Theater CLI
The Theater CLI is a command-line tool that provides a convenient interface for working with the Theater WebAssembly actor system. It simplifies actor development, deployment, and management.
Installation
The Theater CLI is included when you build the Theater project:
# Build the project
cargo build --release
# Use the CLI directly
./target/release/theater --help
# Or add it to your PATH for easier access
Basic Usage
# Get help
theater --help
# Run commands with verbose output
theater -v <command>
# Get output in JSON format (for scripting)
theater --json <command>
Command Overview
Command | Description |
---|---|
build | Build a Theater actor to WebAssembly |
create | Create a new Theater actor project |
events | Get actor events |
inspect | Show detailed information about an actor |
list | List all running actors |
logs | View actor logs |
message | Send a message to an actor |
restart | Restart a running actor |
server | Start a Theater server |
shell | Start an interactive shell |
start | Start an actor from a manifest |
state | Get actor state |
stop | Stop a running actor |
tree | Show actor hierarchy as a tree |
validate | Validate an actor manifest |
watch | Watch a directory and redeploy on changes |
Detailed Command Usage
Creating a New Actor Project
# Create a basic actor project
theater create my-actor
# Create an HTTP actor project
theater create my-http-actor --template http
# Create a project in a specific directory
theater create my-actor --output-dir ~/projects
Building a Theater Actor
# Build the actor in the current directory
theater build
# Build a specific project
theater build /path/to/project
# Build in debug mode
theater build --release false
# Clean and rebuild
theater build --clean
Managing a Theater Server
# Start a server with default settings
theater server
# Start a server with a custom port
theater server --port 9001
# Start a server with a custom data directory
theater server --data-dir /path/to/data
Running Actors
# Start an actor from a manifest
theater start path/to/manifest.toml
# Start an actor and output only its ID (useful for piping)

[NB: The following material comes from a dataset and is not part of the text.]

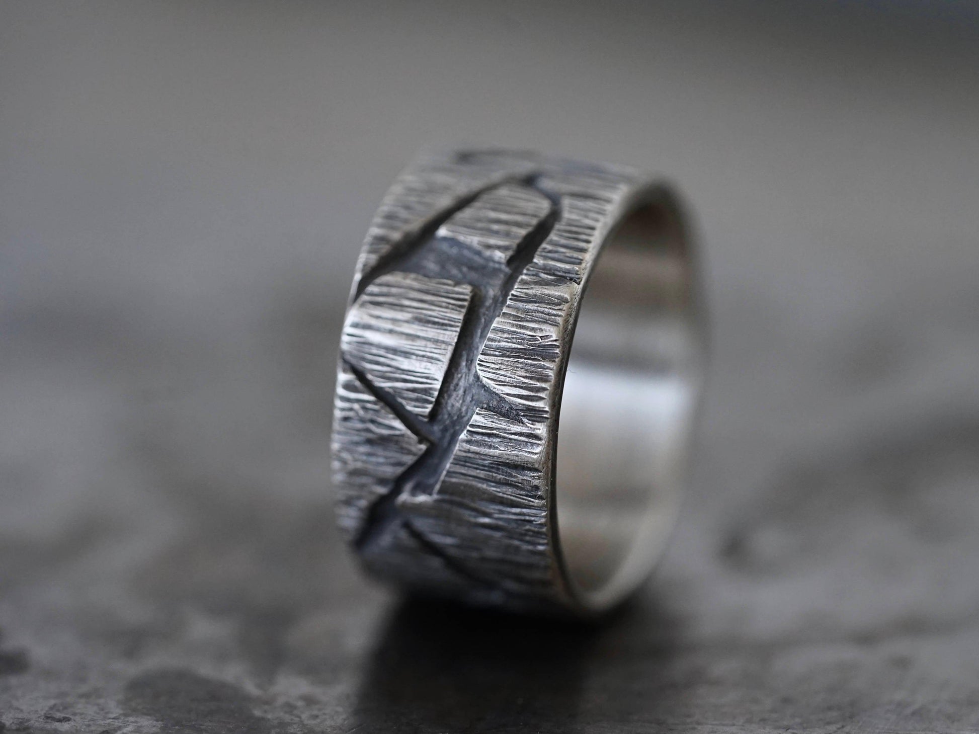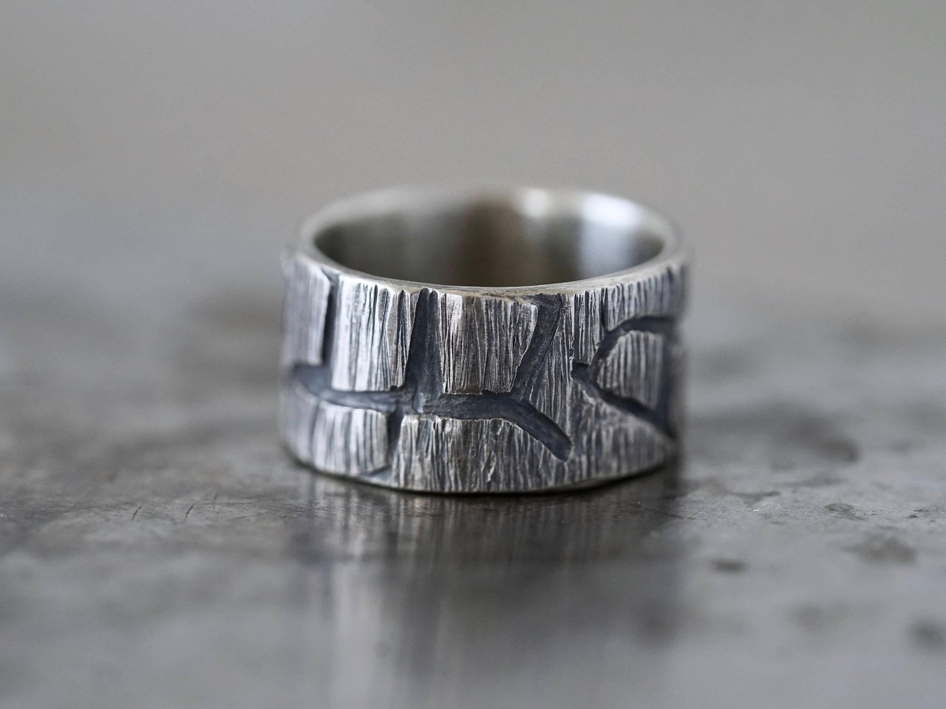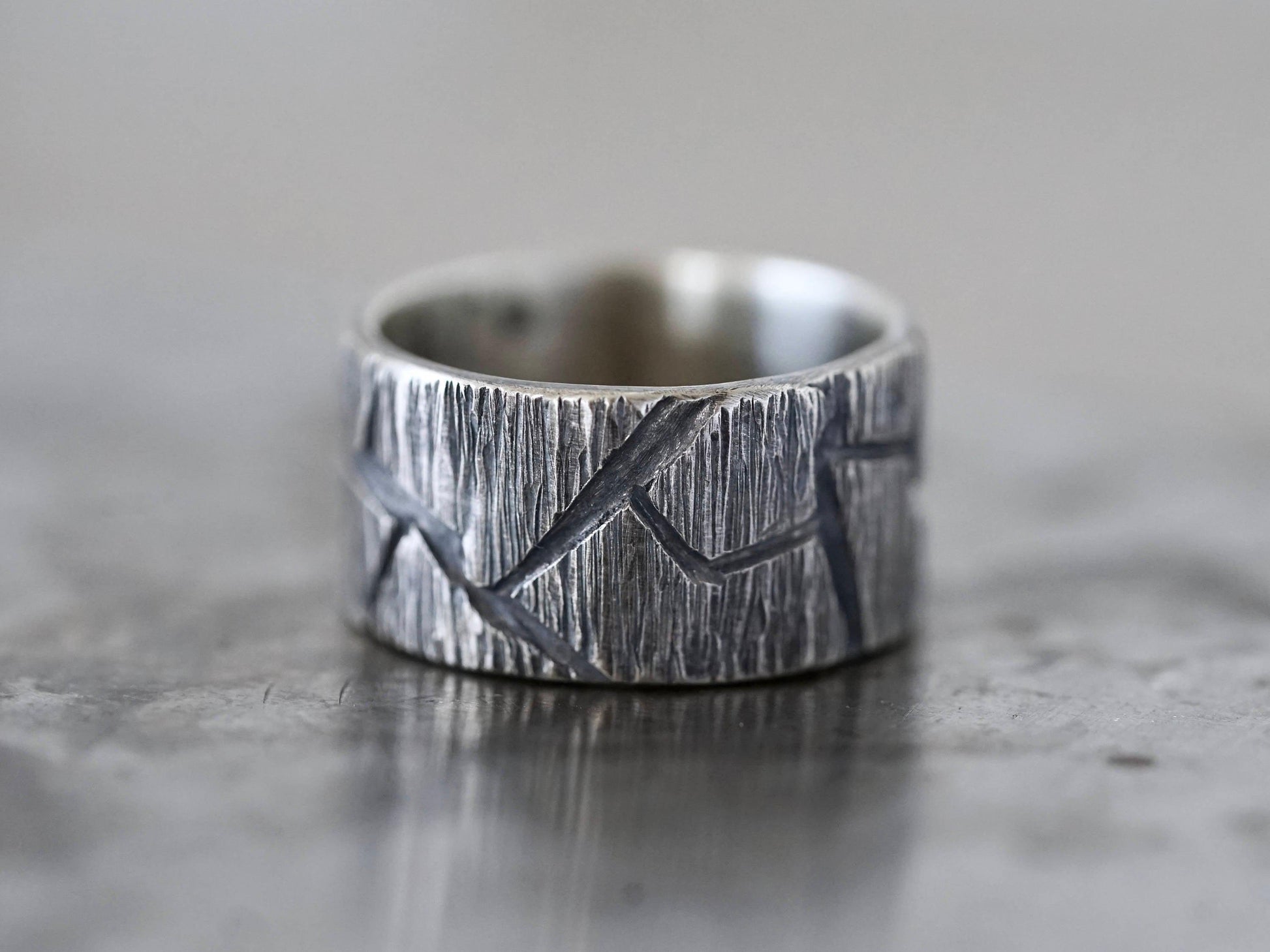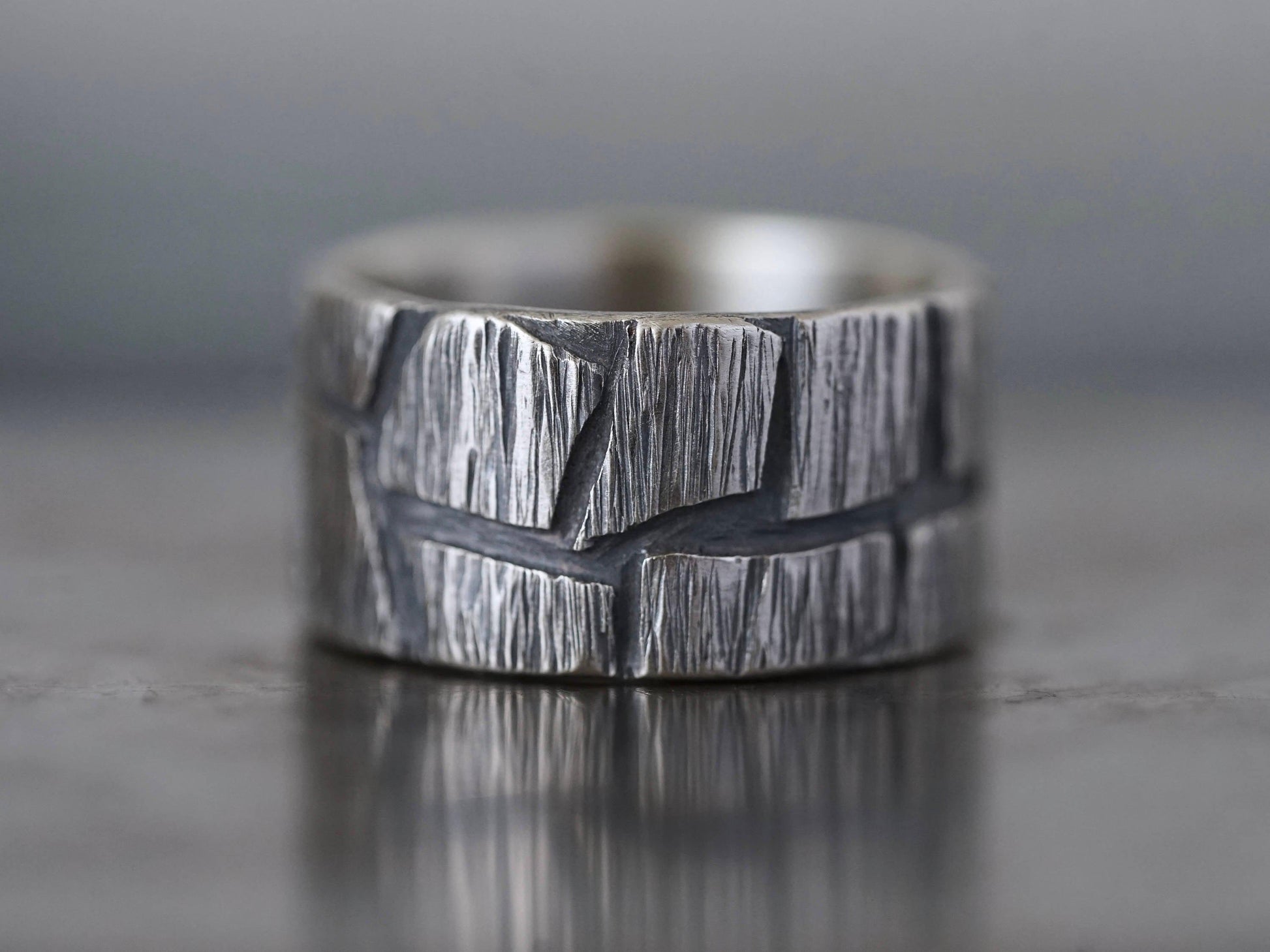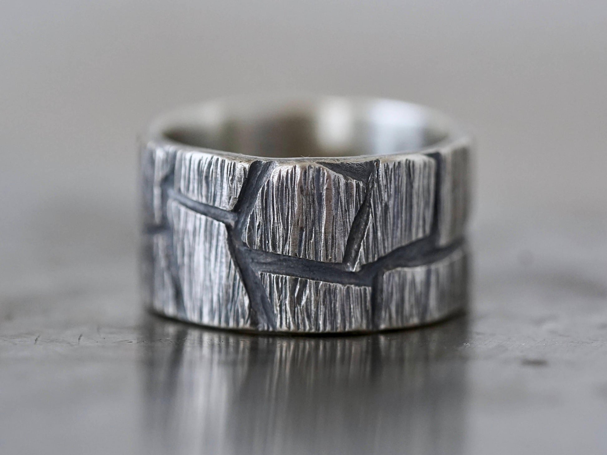 This is a rugged, sturdy, sterling silver ring, made by hand from recycled sterling silver. The unique pattern was created by layering jagged pieces of sterling silver on sheet. After forming the band, the surface was further shaped by hammering and carving, resulting in a raw, untamed look with a sculptural feel. The band was oxidised to accentuate the contrasting textures, the inside was polished to a smooth finish. This ring is a unisex design and would look great as a partner ring or an alternative wedding band.

theater start path/to/manifest.toml --id-only
# Start an actor and monitor its events
theater start path/to/manifest.toml --monitor
# List all running actors
theater list
# View actor logs
theater logs <actor-id>
# Get actor state
theater state <actor-id>
# Get actor events
theater events <actor-id>
# Stop an actor
theater stop <actor-id>
# Restart an actor
theater restart <actor-id>
# Subscribe to actor events
theater subscribe <actor-id>
# Start an actor and subscribe to its events (piping commands)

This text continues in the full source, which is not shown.